Room: Track 2
Purpose: Deep learning segmentation models will implicitly learn to predict the presence of a structure based on its overall prominence in the training dataset. This phenomenon is observed and accounted for in deep learning applications such as natural language processing (NLP) but is often neglected in segmentation literature. The purpose of this work is to call attention to a detail of deep-learning-based segmentation which is often overlooked: namely, post-processing with intensity-based thresholding.

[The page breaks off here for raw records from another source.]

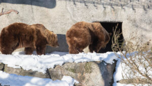 ”Tänä talvena karhut eivät nukkuneet pitkiä yhtenäisiä unijaksoja. Näimme pesäkamerasta, että ne nousivat usein jaloittelemaan ja veimme niille kevyttä ruokaa. Ne ovat kurkistaneet uloskin, mutta palanneet takaisin nukkumaan. Karhuilla on nyt mahdollisuus valita oman rytminsä mukaan levon ja ulkoilun väliltä”, kertoo eläintenhoitaja Susan Nuurtila.
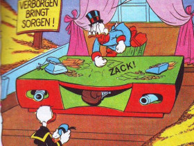 Hier geht es um Staatsverschuldung (Genussscheine auf Entenhausen bezogen), mit denen zunächst auf Pump finanziert wird, dann Schulden durch weitere Staatsanleihen herumgeschoben werden und letztlich eine Geldentwertung/Massenflucht einsetzt.
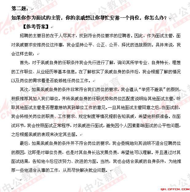 第二题:如果你作为面试的主管,你的亲戚让你帮忙安排一个岗位,你怎么办?
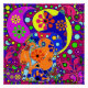 Bright retro colourful hippie flowers with a hidden kitty. For more colourful decor visit the rest of this shop!
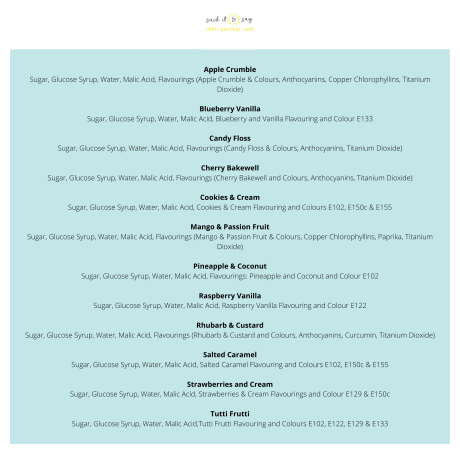 Please see product photos for a list of all flavour ingredients
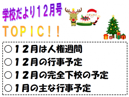 本日(12月2日),「うたのだより12月号」を家庭数で配布しました。
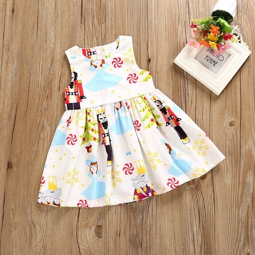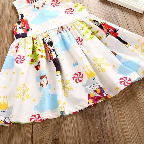 Dropship Girls Cartoon Comic Print Dress Solid Color

Methods: We first choose an architecture and training procedure which is a standard deep-learning-based segmentation model in medical physics. We use a 5-downblock 2-D U-Net with 20% dropout and batch normalization. We train our model independently on 10 structures from the Cancer Imaging Archive‘s Head-Neck-Radiomics-HN1 dataset. Each model’s sensitivity to post-processing with intensity-based thresholding was analyzed by varying the threshold hyperparameter. Model performance was assessed with the Dice coefficient. We quantify the prominence of structures in the training data by counting the proportion of ones in the Boolean target images. The dependence of optimum threshold on structure prominence was investigated.
Results: We observe significant decreases in perceived model performance with conventional 0.5-thresholding. Deviations of as little as +/- 0.02 from the optimum threshold induce a median reduction in Dice score of 3.1% for our models. There is statistical evidence to support a weak correlation between the optimum threshold and the “true” fraction in binary mask targets.
Conclusion: Our results suggest that those practicing deep-learning-based contouring should consider their post-processing procedures as a potential avenue for improved performance. For intensity-based post-processing, we recommend a dense sampling of thresholds with performance assessment on a validation dataset.